Почему я в Рязани? Потому что в Москве таких горностаев не прописывают и, вероятно, никогда прописывать не будут. Что делаю? Преподавала графику в местном художественном училище, а в летние месяцы приняла школьный секретариат. Тошнит от папок, скрепок, ножей, «принято к сведению» и «сдано в архив». А главное — нужно сидеть на месте все положенные часы — самые солнечные. Как живу? Да так вот и живу. Плохо, в общем.

Окружение моё — гоголевское и чеховское. Только без них самих. Сам городок — хорош. Но когда подумаешь, что — может быть - на всю жизнь, то тут-то печень и начинает пухнуть.

В Рязани очень много цыган, нищих, есть даже настоящие юродивые, среди них одна особа в рубище, которая изъясняется то матом, то по-божественному. По преданию, она жена прокурора. Утром и вечером по улицам города идут коровы; на колхозном рынке бабы в клетчатых юбках и при «рогах» обдуривают офицерских жён в буклях и с «плечиками». Вечерами молодёжь гуляет по Почтовой — местному Охотному Ряду.

Вот пока и всё. Если будете писать мне, то непременно расскажите про море.

Всего Вам хорошего.

А.Э. 494748

23 июня 1948, Рязань

Дорогой Николай Николаевич! Спасибо сердечное за лист письма и за лист в письме. Видимо, моё предыдущее послание было и в самом деле «печеночным», судя по тому, что Вы меня почти ругаете то ли за тон его, то ли за содержание. Правда, я очень болела тогда, когда писала Вам, и потому, что, сверх всего прочего, я испытывала в это время боль физическую, всё казалось мне значительно более больным, чем обычно. Ибо бессмертная душа значительно быстрее отзывается на боль, испытываемую телом, чем последнее — на душевную. А Бог её знает, бессмертна ли она, в конце концов? На десяток, ну на сотню душ, переживших тело, сколько тел, переживающих душу! Насчёт же того, что «везде есть люди» (т. е. «души»!) - как Вы мне пишете, то для меня это совершенно не требует доказательств. Я их встречала в самой преисподней. Они меня - тоже!

А.С. Эфрон со своей сослуживицей Т.Т. Чубукиной Рязань, 1948

Но кое-что в Вашем письме мне неясно. Почему я должна радоваться хлебниковской цитате о Пушкине и Лермонтове и считать, что это - тоже «Рязань» или - что «Рязань» тоже это?1 Нет, это не «Рязань», ибо это непоправимо, а Рязань, в конце концов, может быть, и да. Непоправима только смерть, а все прочие варианты включают в себя какую-то долю надежды. Правда, что касается меня и Рязани, то я не надеюсь — но мечтать мечтаю. Ибо поверить в то, что это — на всю жизнь, понять это - ужасно. Вот я и не верю, и не понимаю, как до конца не поняла тех восьми лет, зачастую воспринимая их трагически, но никогда — всерьёз!
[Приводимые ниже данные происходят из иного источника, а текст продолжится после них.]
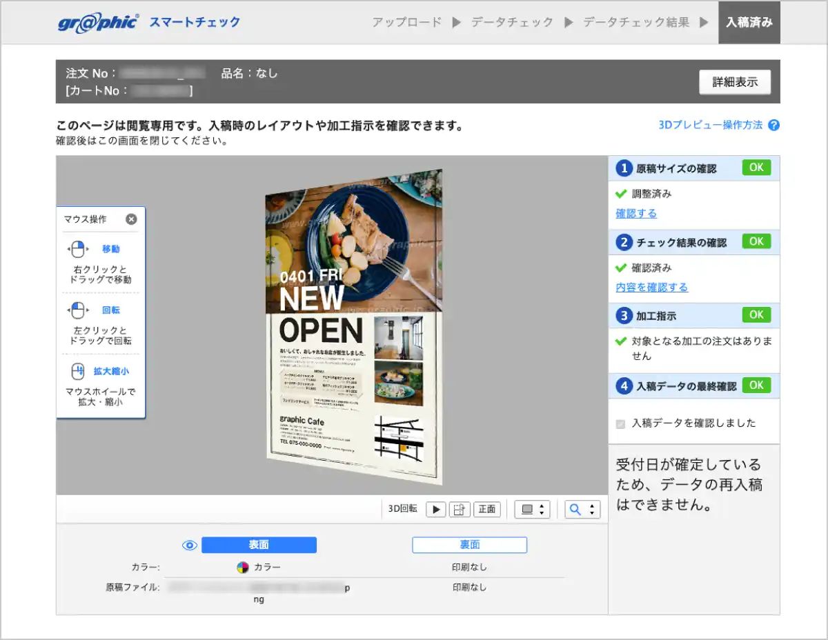 入稿時にご確認いただいたチェック結果や加工指示の内容を、入稿完了後から商品発送日の7日後までマイページから閲覧いただけます。 |
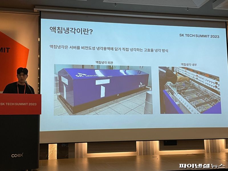 최우신 SK텔레콤 인프라 엔지니어링팀 매니저는 17일 서울 강남 코엑스에서 열린 'SK 테크 서밋 2023'에서 "테스트 결과 (액침냉각 방식에서) 기존 방식 대비 냉방전력의 93%, 서버전력에서 10% 이상이 절감돼 총 37%의 전력이 절감되는 효과를 확인했다"며 이같이 말했다.

И потом - почему мы с Вами должны драться на рапирах, как мушкетеры или суворовцы? Я совсем не хочу драться, я очень миролюбива! Не деритесь, пожалуйста, и Вы! В своём предыдущем письме Вы говорили о «приятно и приютно», а в этом — уже вооружены. Да ещё рапирой.

А ещё мне хочется «внести ясность» вот во что: совсем не ужасно, когда «люди бросают то место, в котором они воспитывались», если это место не является их родиной по духу. Франция, которую я очень люблю, такой родиной для меня не была и быть не могла. И я никогда, в самые тяжёлые минуты, дни и годы, не жалела о том, что я оставила её. Я у себя

дома, пусть в очень тяжёлых условиях — несправедливо тяжёлых! Но я всегда говорю и чувствую «мы», а там с самого детства было «я» и «они».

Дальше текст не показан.